#### Source material
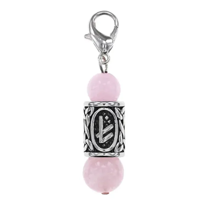 Брелок-амулет с руной Берегиня из нержавеющей стали, Розовый кварц BKC1-19
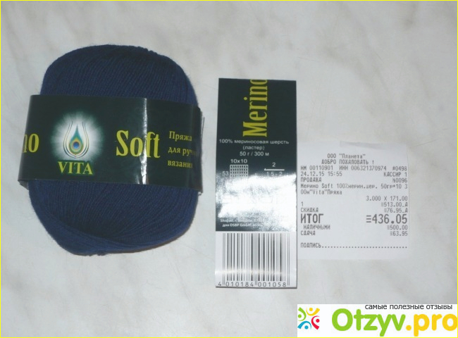 Выбор пряжи она предоставила мне. Цвет желаемый - темно синий. В магазине оказалась такого цвета только пряжа Мерино софт от Вита.
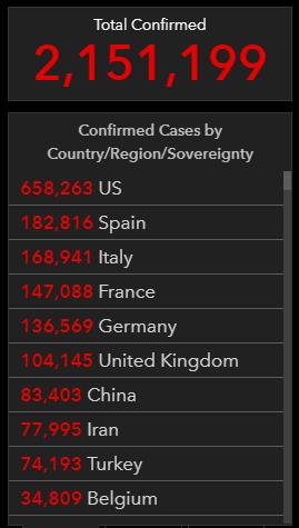 根据美国约翰斯·霍普金斯大学新冠肺炎疫情统计数据显示,截至北京时间4月17日6时30分左右,美国累计确诊658263例,死亡32186例,与前一天6时30分数据相比,美国新增确诊病例23288例,新增死亡4246例,16日美国单日死亡人数创下了新高。全球确诊人数达到215.11万人,死亡14.27万人。
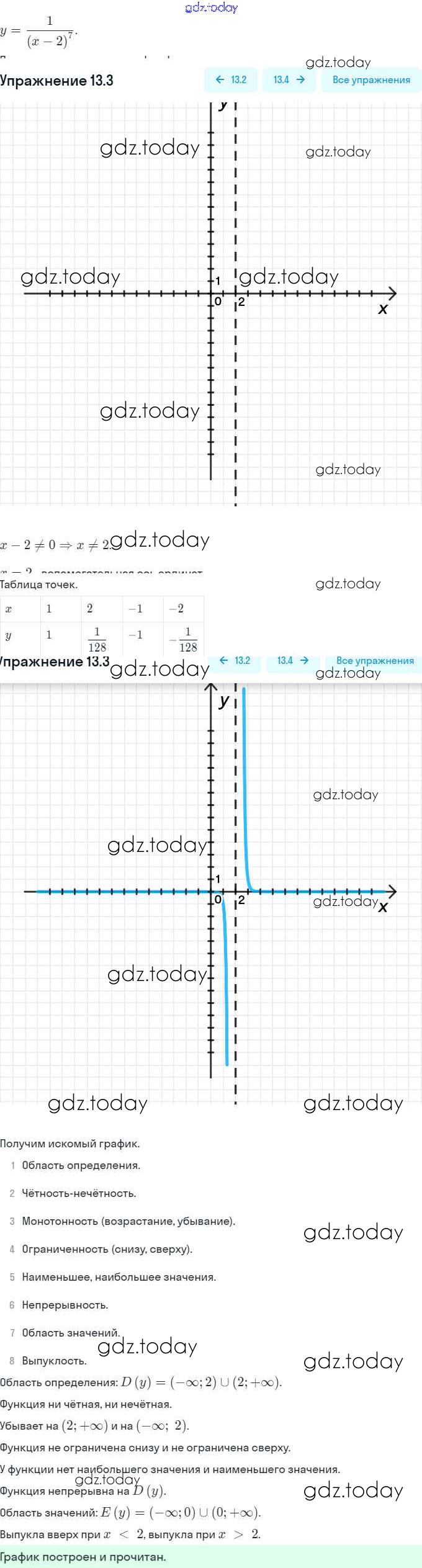Ответы к §13. Функции y = x⁻ⁿ (n ∈ N), их свойства и графики Решение. Глава 3. Числовые функции 13.3 Задачнику по Алгебре для 9 класса Мордкович, Александрова Мнемозина 2010
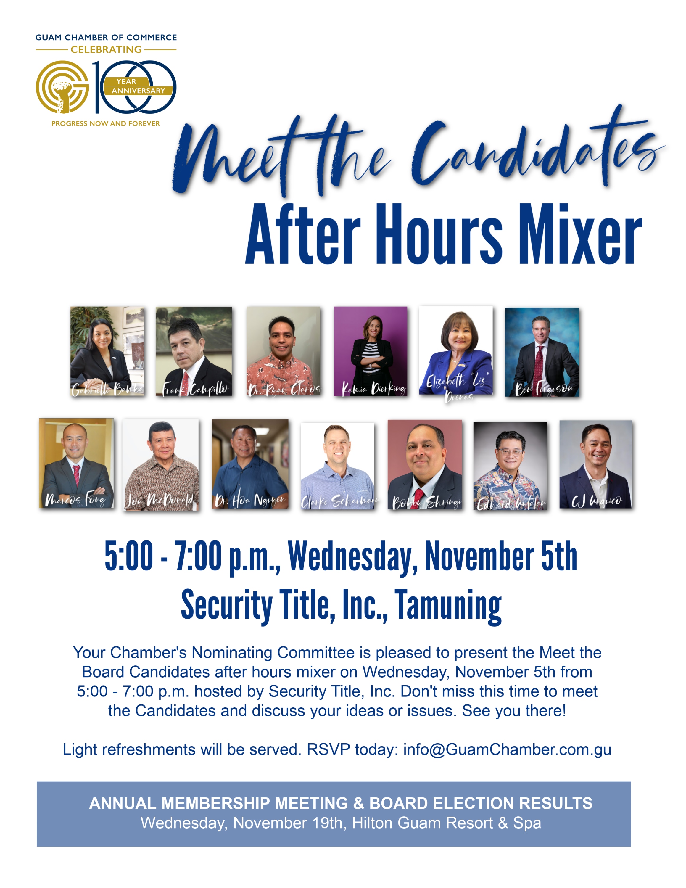 Meet your Chamber Board Candidates at Security Title on Wednesday, November 5th! The fun begins at 5 pm and wraps up at 7 pm.
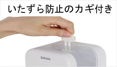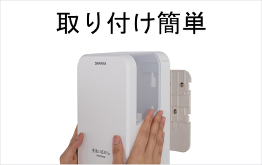 センサー感知、ノータッチで石けん液や消毒液が吐出・噴射します。カギ付き。
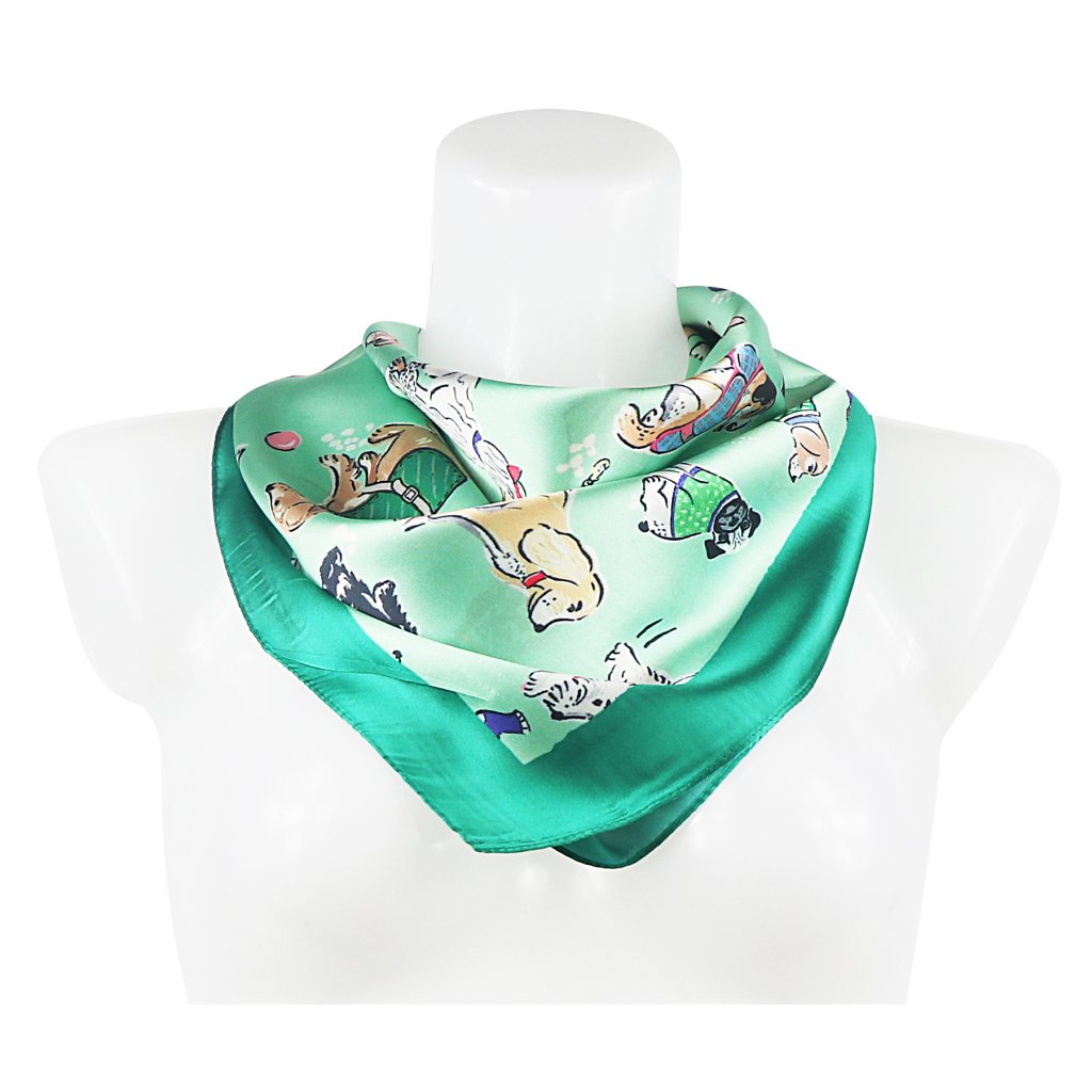 Női selyemsál RR3050-05 légiutas-kísérő kutyás mintával, zöld színű 7200621-7
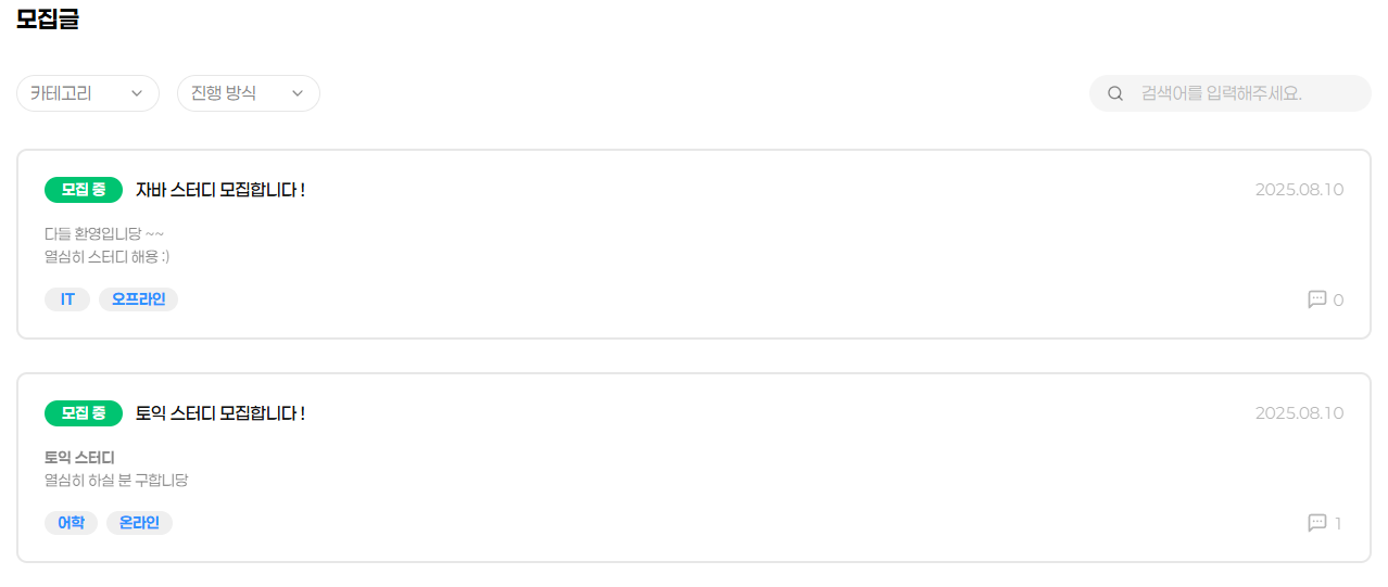 카테고리, 진행 방식, 검색어를 사용 하여 모집글을 검색할 수 있습니다.
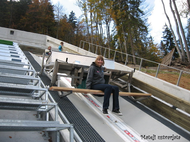Po koncu tekmovanja pa sem se podala še na vrh naše letalnice ter na vrh novih skakalnic. Seveda sem morala preizkusiti tudi zaletno rampo (ajej, sem se tresla).
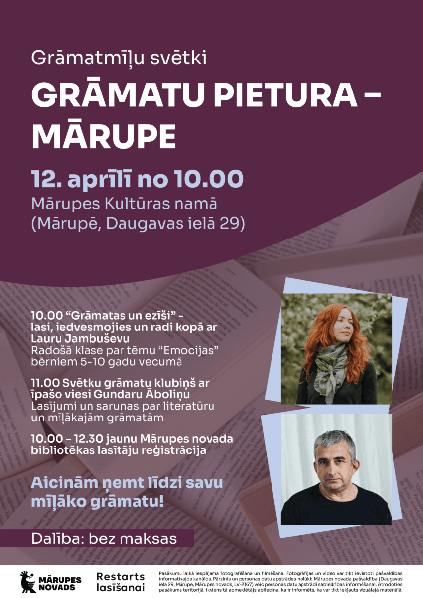 Sestdien, 12. aprīlī, Mārupes pilsētā pirmo reizi norisināsies grāmatmīļiem veltīti svētki “Grāmatu pietura – Mārupe”.

#### Prompt
Every line between the one containing "センサー感知、ノータッチで石けん液や消毒液が吐出・噴射します。カギ付き。" and the last line of the data above, both included, should be copied exactly, but not the pictures.

#### Answer to the exercise
 センサー感知、ノータッチで石けん液や消毒液が吐出・噴射します。カギ付き。
 Női selyemsál RR3050-05 légiutas-kísérő kutyás mintával, zöld színű 7200621-7
 카테고리, 진행 방식, 검색어를 사용 하여 모집글을 검색할 수 있습니다.
Po koncu tekmovanja pa sem se podala še na vrh naše letalnice ter na vrh novih skakalnic. Seveda sem morala preizkusiti tudi zaletno rampo (ajej, sem se tresla).
 Sestdien, 12. aprīlī, Mārupes pilsētā pirmo reizi norisināsies grāmatmīļiem veltīti svētki “Grāmatu pietura – Mārupe”.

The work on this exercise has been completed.